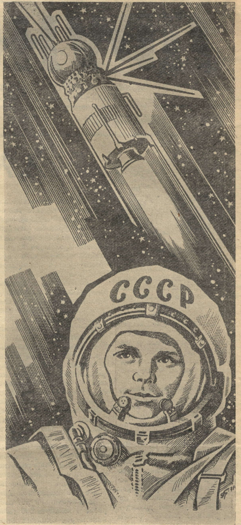
В этот день советский Советского Союза Ю. А. Гагарин первым из сынов Земли совершил полет в космическое пространство. Фотохроника ТАСС.
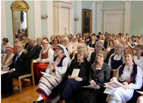
Yhdistyksen 60-vuotisjuhla 2017 Empiresalissa

”Perinne ja kulttuuri kuuluvat elämään, antavat iloa ja voimaa arkeen sekä juhlistavat juhlan. Yhdessä etsimme uusia näkökulmia perinteeseen.”
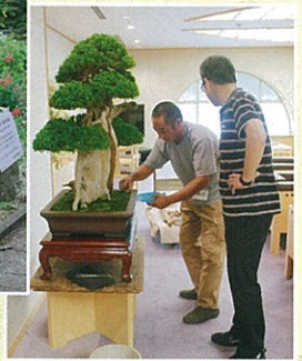
盆栽研による ▶ 埼玉スタ貴賓室での展示
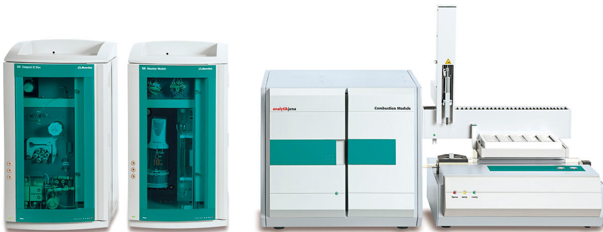
Figure 1. Configuração de CI de combustão consistindo de um CI compacto 930 flex (2.930.2560), um módulo absorvedor 920 (2.920.0010), um módulo de combustão (forno + ABD, 2.136.0700) e um amostrador automático MMS 5000 (2.136.0800) configurado para amostras sólidas (6.7302.000).

O amostrador automático transfere automaticamente os recipientes de amostra para o módulo de combustão, onde são queimados a uma temperatura de 1050 °C. Com o fluxo de gás, o flúor volatilizado (junto com outros halogênios e enxofre) é transferido para o Módulo Absorvedor 920 e absorvido pela fase aquosa. O manuseio preciso e automatizado de líquidos é feito com o Dosinos, transferindo a amostra aquosa para o CI (930 Compact IC flex) para análise. Para manter o fundo e os limites de detecção de flúor baixos, é essencial usar produtos químicos limpos que tenham pelo menos o grau de pureza «por análise».
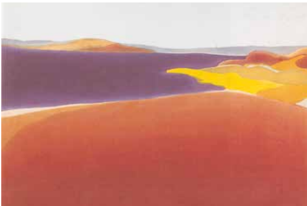
تصویر ۲۷-۲- اثر الیزابت آزرن ۱ ، اکریلیک روی بوم، (۱۰۲/۶×۱۰۱/۶ سانتی متر)
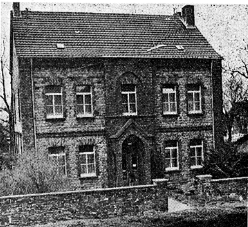
VERSTECK UNTERM DACH: Im Kirchheimer Pfarrhaus nahm der Geistliche verfolgte Juden auf.

Noch heute wird er dort im Gottesdienst verwendet, ohne daß die Kirchheimer wissen, woher er stammt. Dechant Joseph Emonds starb am 7. Februar 1975 in Kirchheim.
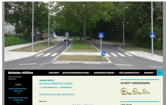
Screenshot Website Bulmke-Hüllen

Eine Webseite, die nicht uns gehört sondern uns allen zur Verfügung steht, die bei der Entwicklung ihrer Quartiere mitwirken möchten.
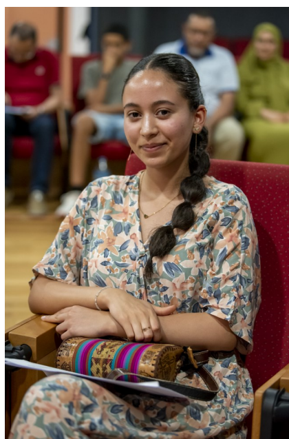
SEGUNDO PREMIO “Pasos de esperanza”
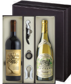
N-24 미국 Dolce Far Niente 파 니엔테 벨라유니언 카버네 소비뇽 파 니엔테 샤도네이
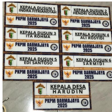
Gambar 7 Plang Kepala Dusun dan Kepala Desa

Pada Gambar 6 Dan 7 Hasil Desain Dan Hasil Cetak Plang Nama Kepala Dusun Dan Plang Nama Kepala Desa.
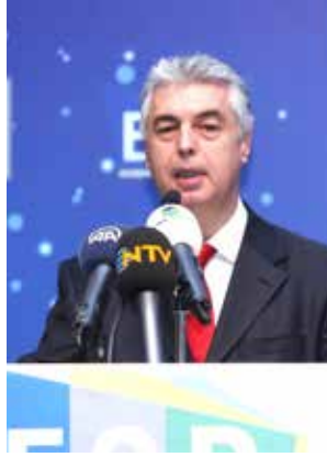
CELAL TOPRAK EGD Başkanı

TİM Başkanı Mehmet Büyükeksi, "Dünya dış ticaretinin 2018'de yüzde 4-5 büyümesi, yaklaşık 17 trilyon doların üzerine çıkması bekleniyor" dedi.
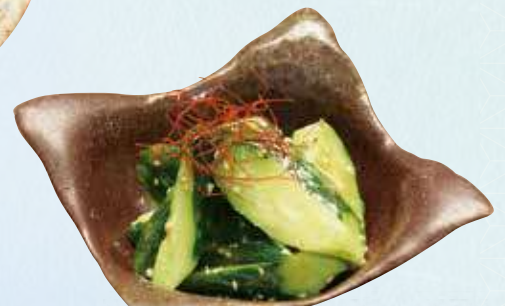
塩ごまたたききゅうり 370円
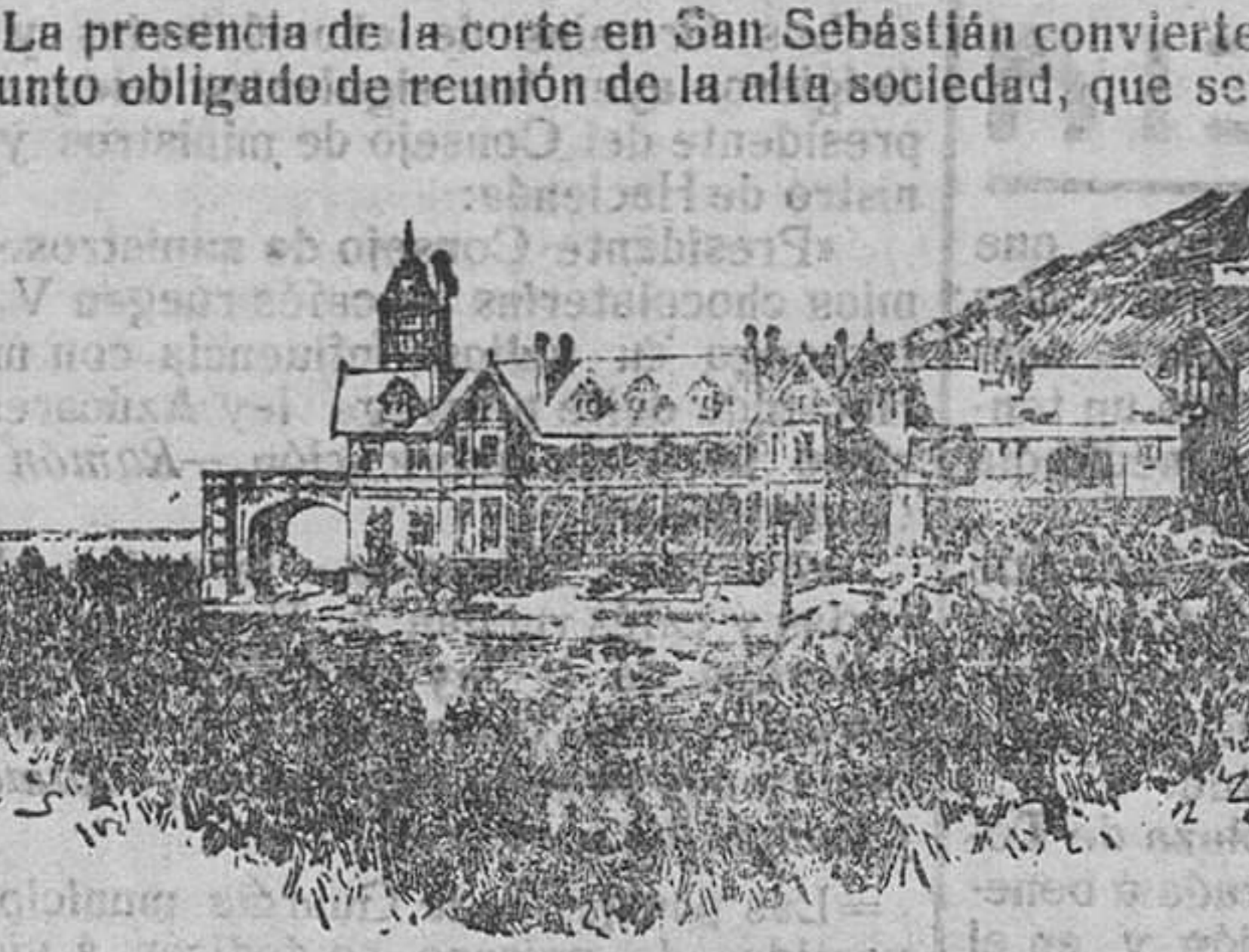
El palacio de Miramar.
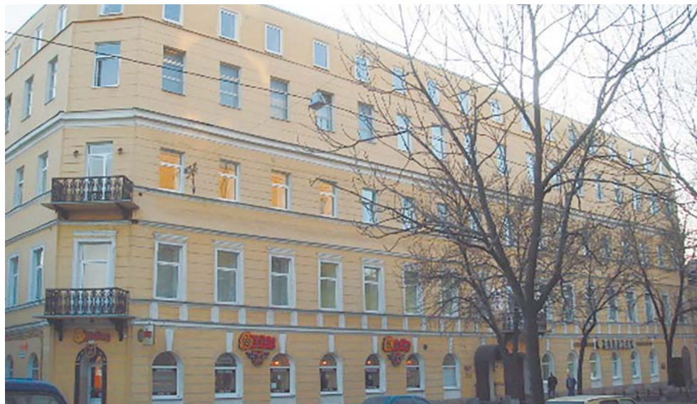
17-я линия В.О., д. 4
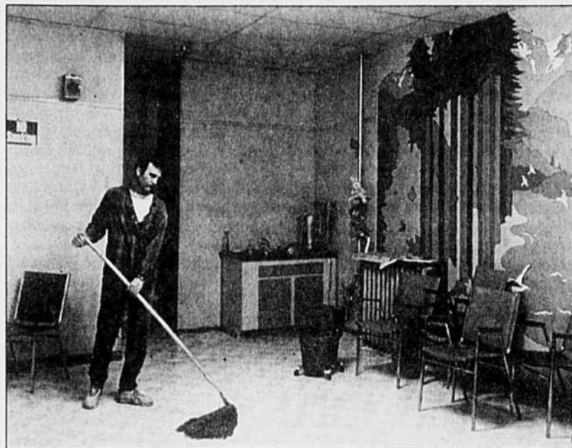
Volunteer, de Jeff Wall (1996)

Dans ces dernières années, conservant la manière qu'on lui reconnaît maintenant d'amalgamer en photographie des références aux grandes machines de la peinture classique, au cinéma et à la photographie, Wall s'est tourné du côté de la photographie en noir
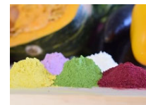
未利用農産物の微細粉末化によるアップサイクル
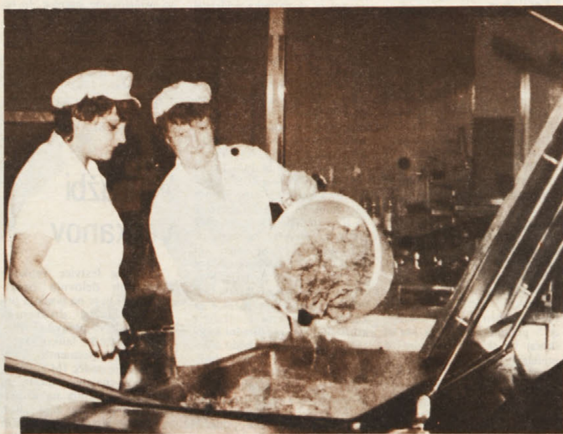
Zrezek je zrezek pa čeprav malo tanjši

Prizadevamo si, da bi bila zbirka kolikor mogoče popolna, zato se z zaupanjem in prepričanjem, da naš klic ne bo zaman, obračamo tudi na cenje-
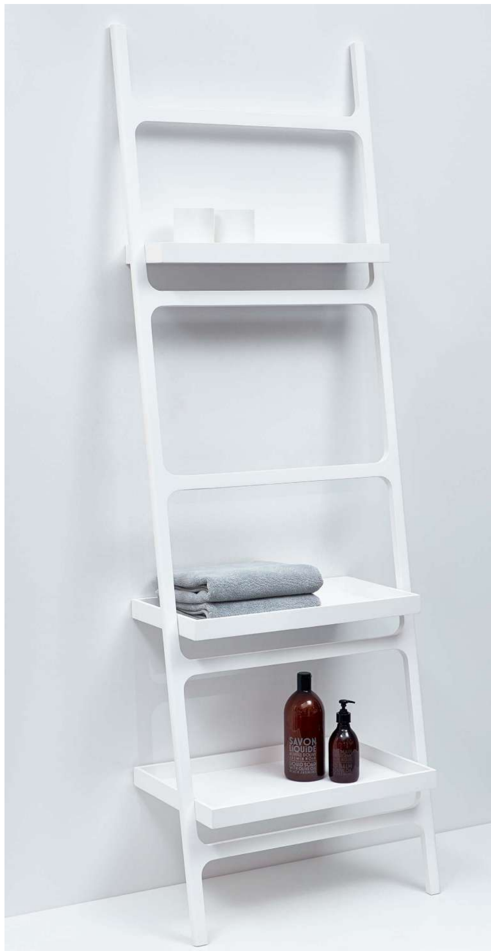
STONE HTLA Handtuchleiter / Towel ladder H 180 . B/W 60 . T/D 34cm mit 3 Ablagen / with 3 shelves wandmontiert / wall mounted Mineralwerkstoff weiß / Mineral-cast white
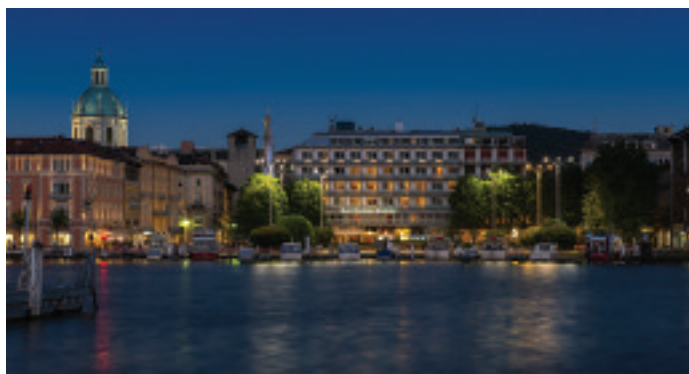
Hotel Barchetta Excelsior

Il Palace Hotel si trova inoltre in una posizione strategica per organizzare attività in città o sul lago, tra escursioni memorabili, visite ai principali musei tra cui il caratteristico Museo della Seta, la possibilità di praticare diversi sport acquatici o di rilassarsi con un aperitivo in barca.
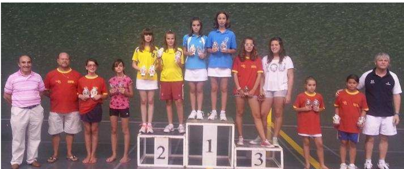
Pódium Categoría Cadete Femenino. Abierto Nacional de Edad Rubén Verdú en Palencia
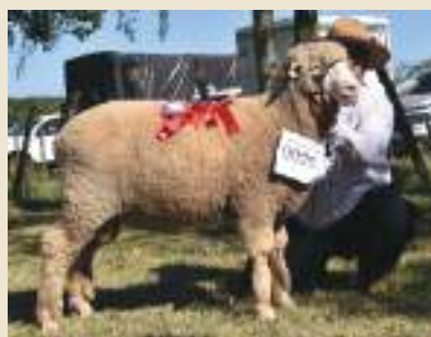
Reservado Grande Campeão 36ª Feovelha Coxilha Verde 1999
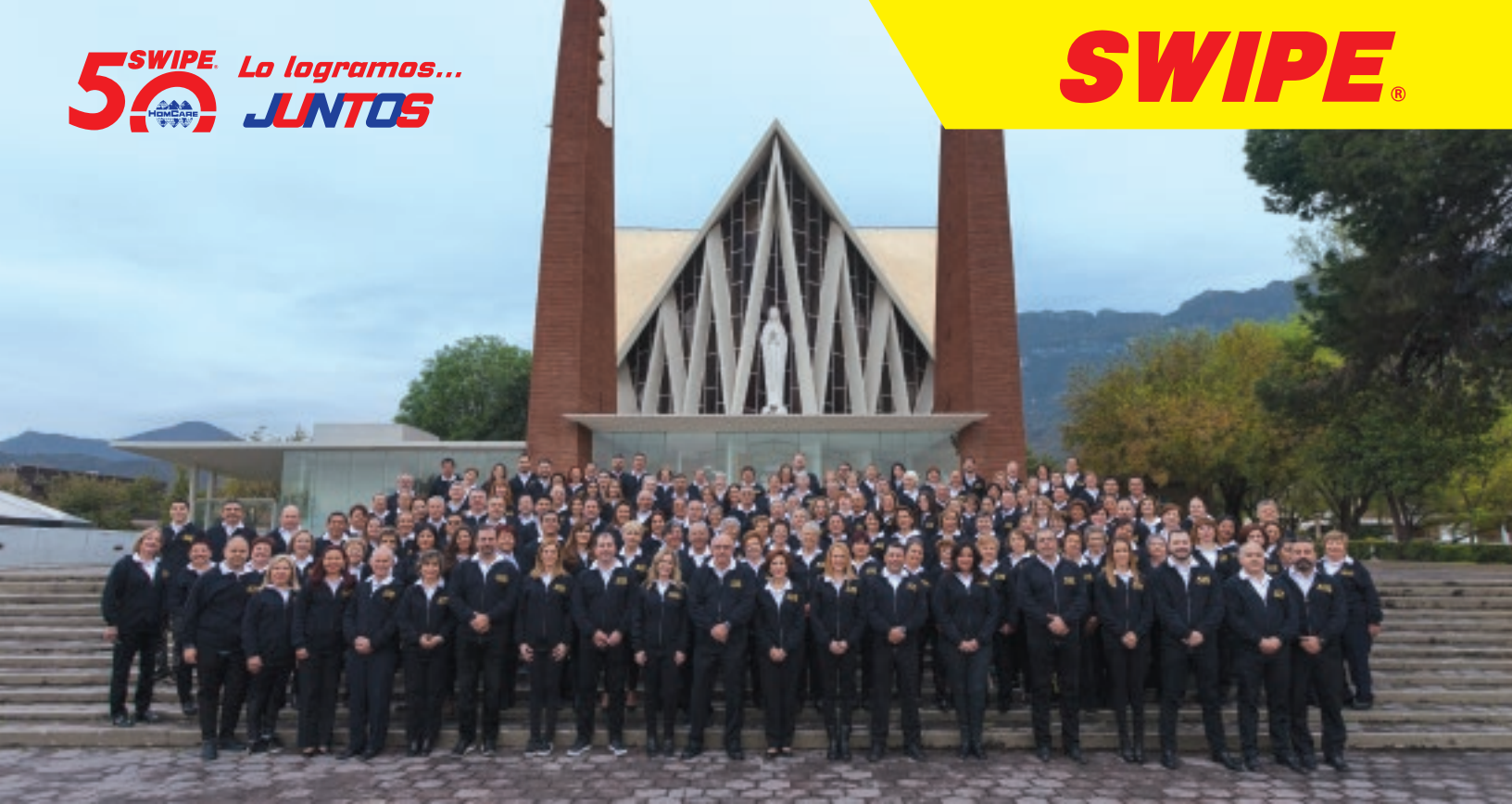
Seminario de Distribuidores, Monterrey, Nuevo León 2019
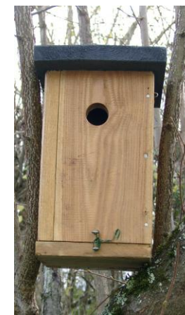
Nichoir à orifice circulaire
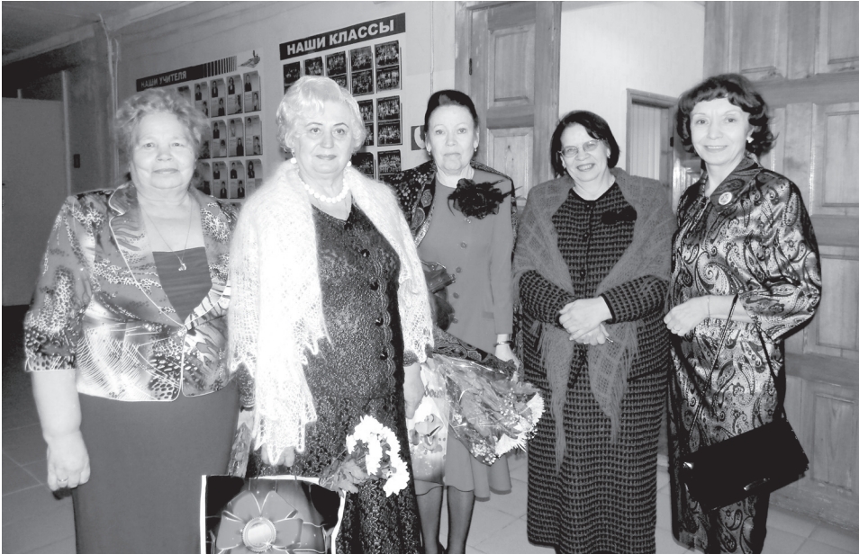
А накануне Нового года 40-летие отметил коллектив школы №14.

Юбилей учебных учреждений городского округа стали знаковыми событиями в нашем городском округе. Семьдесят лет исполнилось Верхнесалдинскому многопрофильному техникуму им.А.Евстигнеева, шестидесятилетие отметила Верхнесалдинская школа искусств, пятидесятилетие отпраздновала общеобразовательная школа №3, недавно исполнилось 30 лет со дня открытия школы №2.

◆ ◆ ◆ ◆ ◆ ◆ ◆

▶ _Goal of the exercise_
From the records above, output only the lines starting at the one containing "ja kulttuuri kuuluvat" and ending at the one containing "Screenshot Website Bulmke-Hüllen", word for word. Pictures stay out.

▶ _Answer section_
”Perinne ja kulttuuri kuuluvat elämään, antavat iloa ja voimaa arkeen sekä juhlistavat juhlan. Yhdessä etsimme uusia näkökulmia perinteeseen.”
盆栽研による ▶ 埼玉スタ貴賓室での展示
Figure 1. Configuração de CI de combustão consistindo de um CI compacto 930 flex (2.930.2560), um módulo absorvedor 920 (2.920.0010), um módulo de combustão (forno + ABD, 2.136.0700) e um amostrador automático MMS 5000 (2.136.0800) configurado para amostras sólidas (6.7302.000).

O amostrador automático transfere automaticamente os recipientes de amostra para o módulo de combustão, onde são queimados a uma temperatura de 1050 °C. Com o fluxo de gás, o flúor volatilizado (junto com outros halogênios e enxofre) é transferido para o Módulo Absorvedor 920 e absorvido pela fase aquosa. O manuseio preciso e automatizado de líquidos é feito com o Dosinos, transferindo a amostra aquosa para o CI (930 Compact IC flex) para análise. Para manter o fundo e os limites de detecção de flúor baixos, é essencial usar produtos químicos limpos que tenham pelo menos o grau de pureza «por análise».
تصویر ۲۷-۲- اثر الیزابت آزرن ۱ ، اکریلیک روی بوم، (۱۰۲/۶×۱۰۱/۶ سانتی متر)
VERSTECK UNTERM DACH: Im Kirchheimer Pfarrhaus nahm der Geistliche verfolgte Juden auf.

Noch heute wird er dort im Gottesdienst verwendet, ohne daß die Kirchheimer wissen, woher er stammt. Dechant Joseph Emonds starb am 7. Februar 1975 in Kirchheim.
Screenshot Website Bulmke-Hüllen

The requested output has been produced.